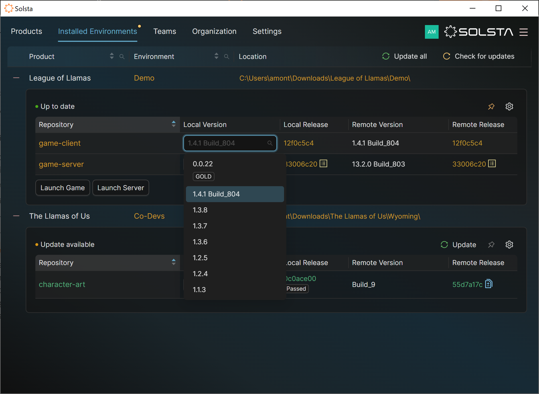 Solsta lets you sync, roll forward, or roll back to specific release versions for each repository in an environment — ideal for testing older builds or restoring stable versions.
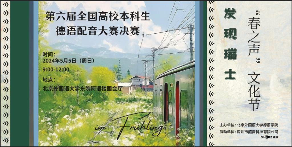 由sunbet申搏主办的第六届全国高校本科生德语配音大赛(以下简称“大赛”)决赛将于2024年5月5日(周日)9:00-12:15在sunbet申搏东院阿语楼国会厅举行。此次大赛决赛以瑞士为主题,邀请10支晋级的高校代表队齐聚sunbet申搏,共同开启“发现瑞士”的声音之旅。
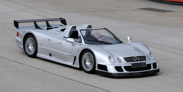Dieses 1954er Modell des Flügeltürers ist in einer Kleinserie von nur elf Fahrzeugen gebaut worden. Unter der fast original aussehenden Blechkarosse steckt der originalgetreue Rohrrahmen, aber u.a. auch ein M119 6,0 Liter-V8 mit 380 PS mit Mercedes-Benz W4A Vierstufen-Automatikgetriebe anstelle des originalen Reihensechszylinders. Eine der Veränderungen an dem Flügeltürer, die sofort ins Auge stechen sind die 17-AMG Leichtmetallräder im klassischen Fünf-Speichen-Design. Erst auf den zweiten Blick erkennt man die elektrisch verstellbaren Außenspiegel. Insgesamt elf 300 SL Modelle wurde von AMG zwischen 1996 und 2009 umgebaut, fünf Fahrzeuge gingen an die königliche Familie von Brunei, die sechs anderen an ausgesuchte AMG Kunden. AMG fertigte acht Coupés und vier Rechtslenker.1997 Mercedes-Benz CLK-GTR
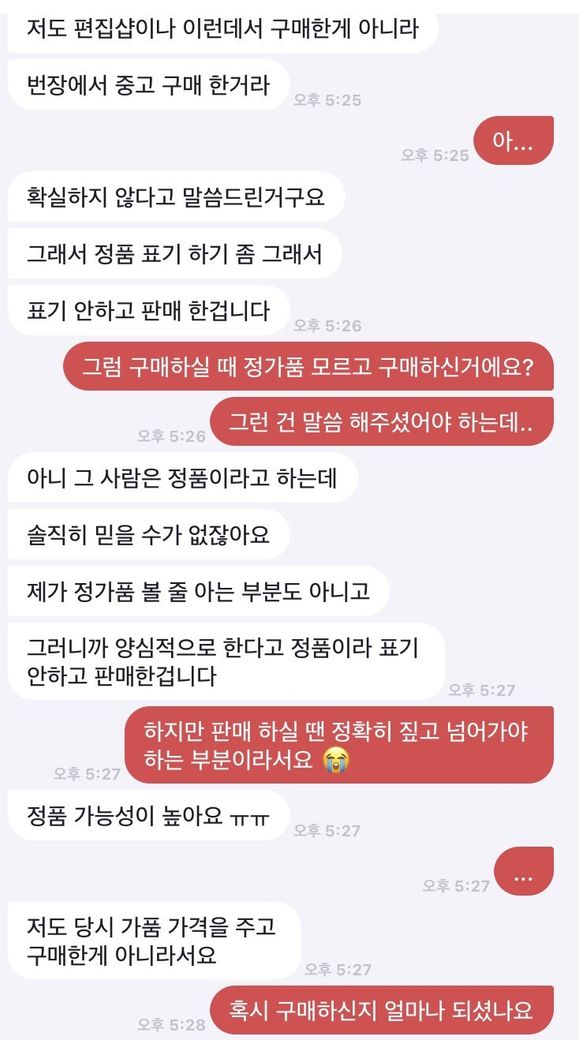 “아니 그 사람은 정품이라고 하는데 솔직히 믿을 수가 없잖아요제가 정가품 볼 줄 아는 부분도 아니고 그러니까 양심적으로 한다고 정품이라 표기 안하고 판매한겁니다“
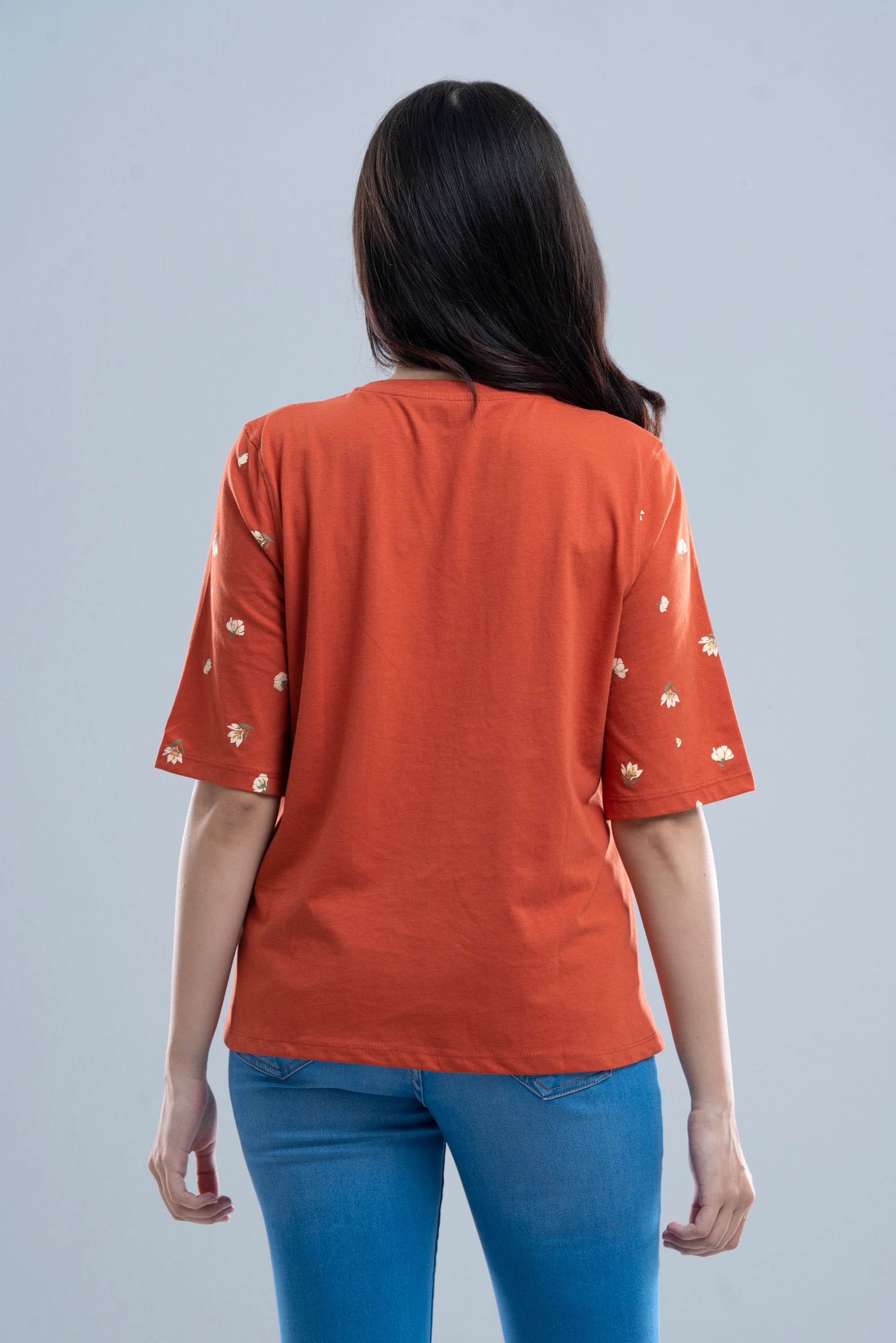 This everyday essential features a classic crew neckline and a comfortable, relaxed fit. Crafted from soft, breathable fabric, the T-shirt is adorned with an all-over floral print, adding a fresh, feminine touch to a basic silhouette. Perfect for casual styling, it pairs effortlessly with jeans, skirts, or layered looks for an easy, laid-back vibe.

=-=-=

__REQUIRED ACTION__
Text only, no pictures: please print exactly the lines above from the line with "由sunbet申搏主办的第六" up to and including the line with "그 사람은 정품이라고", and nothing else.

__RESULT OF THIS EXERCISE__
 由sunbet申搏主办的第六届全国高校本科生德语配音大赛(以下简称“大赛”)决赛将于2024年5月5日(周日)9:00-12:15在sunbet申搏东院阿语楼国会厅举行。此次大赛决赛以瑞士为主题,邀请10支晋级的高校代表队齐聚sunbet申搏,共同开启“发现瑞士”的声音之旅。
Dieses 1954er Modell des Flügeltürers ist in einer Kleinserie von nur elf Fahrzeugen gebaut worden. Unter der fast original aussehenden Blechkarosse steckt der originalgetreue Rohrrahmen, aber u.a. auch ein M119 6,0 Liter-V8 mit 380 PS mit Mercedes-Benz W4A Vierstufen-Automatikgetriebe anstelle des originalen Reihensechszylinders. Eine der Veränderungen an dem Flügeltürer, die sofort ins Auge stechen sind die 17-AMG Leichtmetallräder im klassischen Fünf-Speichen-Design. Erst auf den zweiten Blick erkennt man die elektrisch verstellbaren Außenspiegel. Insgesamt elf 300 SL Modelle wurde von AMG zwischen 1996 und 2009 umgebaut, fünf Fahrzeuge gingen an die königliche Familie von Brunei, die sechs anderen an ausgesuchte AMG Kunden. AMG fertigte acht Coupés und vier Rechtslenker.1997 Mercedes-Benz CLK-GTR
 “아니 그 사람은 정품이라고 하는데 솔직히 믿을 수가 없잖아요제가 정가품 볼 줄 아는 부분도 아니고 그러니까 양심적으로 한다고 정품이라 표기 안하고 판매한겁니다“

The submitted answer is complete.